┌─ Data extracts

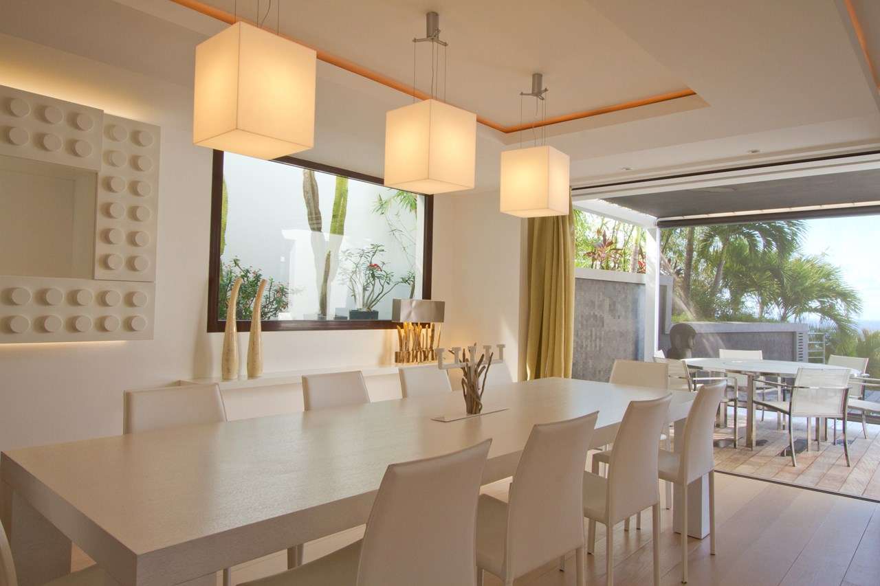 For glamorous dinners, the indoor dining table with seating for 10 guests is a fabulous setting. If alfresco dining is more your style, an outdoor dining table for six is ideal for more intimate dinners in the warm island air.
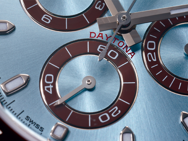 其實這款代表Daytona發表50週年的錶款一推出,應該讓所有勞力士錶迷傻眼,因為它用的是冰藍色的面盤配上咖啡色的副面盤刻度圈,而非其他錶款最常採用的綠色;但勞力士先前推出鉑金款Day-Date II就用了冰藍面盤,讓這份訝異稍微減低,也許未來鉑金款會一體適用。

└─
┌─ Data extracts

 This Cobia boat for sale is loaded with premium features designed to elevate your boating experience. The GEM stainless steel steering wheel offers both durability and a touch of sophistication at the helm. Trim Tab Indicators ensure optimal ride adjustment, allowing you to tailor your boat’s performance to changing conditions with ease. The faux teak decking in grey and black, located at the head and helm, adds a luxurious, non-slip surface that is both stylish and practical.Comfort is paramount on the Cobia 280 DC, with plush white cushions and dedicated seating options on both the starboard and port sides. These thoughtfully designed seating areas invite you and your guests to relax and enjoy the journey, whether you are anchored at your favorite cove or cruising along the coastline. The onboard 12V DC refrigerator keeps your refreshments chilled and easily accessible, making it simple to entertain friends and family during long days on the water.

└─
┌─ Data extracts

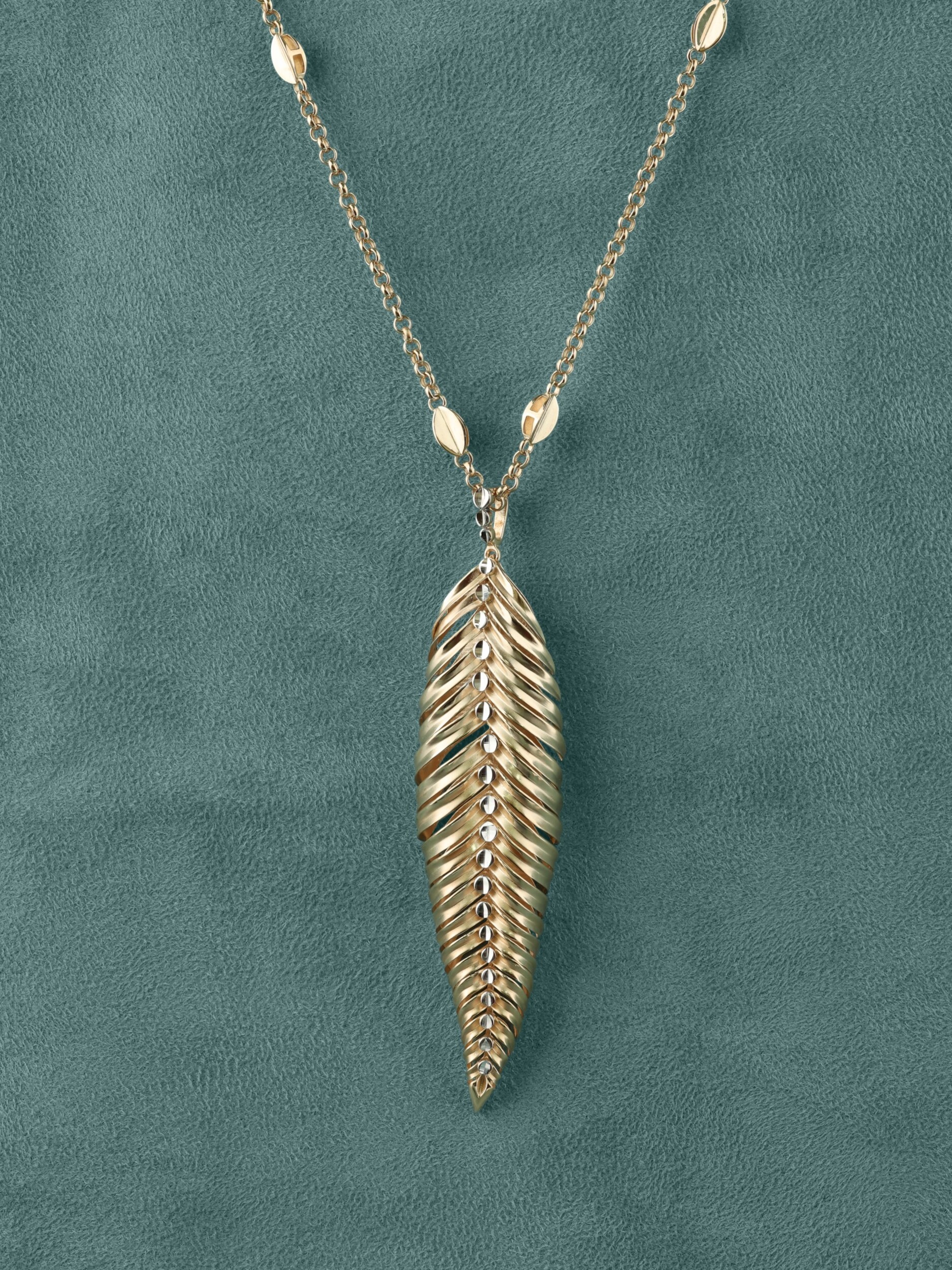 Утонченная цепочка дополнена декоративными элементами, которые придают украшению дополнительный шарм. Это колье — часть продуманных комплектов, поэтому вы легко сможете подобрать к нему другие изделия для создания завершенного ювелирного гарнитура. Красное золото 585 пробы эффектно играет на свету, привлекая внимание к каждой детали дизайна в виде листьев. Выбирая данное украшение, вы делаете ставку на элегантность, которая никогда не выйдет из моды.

└─

> [About this exercise] From the line with "For glamorous dinners, the" up to and including the line with "其實這款代表Daytona發" above, retype every line exactly and nothing more; leave out the pictures.

> [Response below]
 For glamorous dinners, the indoor dining table with seating for 10 guests is a fabulous setting. If alfresco dining is more your style, an outdoor dining table for six is ideal for more intimate dinners in the warm island air.
 其實這款代表Daytona發表50週年的錶款一推出,應該讓所有勞力士錶迷傻眼,因為它用的是冰藍色的面盤配上咖啡色的副面盤刻度圈,而非其他錶款最常採用的綠色;但勞力士先前推出鉑金款Day-Date II就用了冰藍面盤,讓這份訝異稍微減低,也許未來鉑金款會一體適用。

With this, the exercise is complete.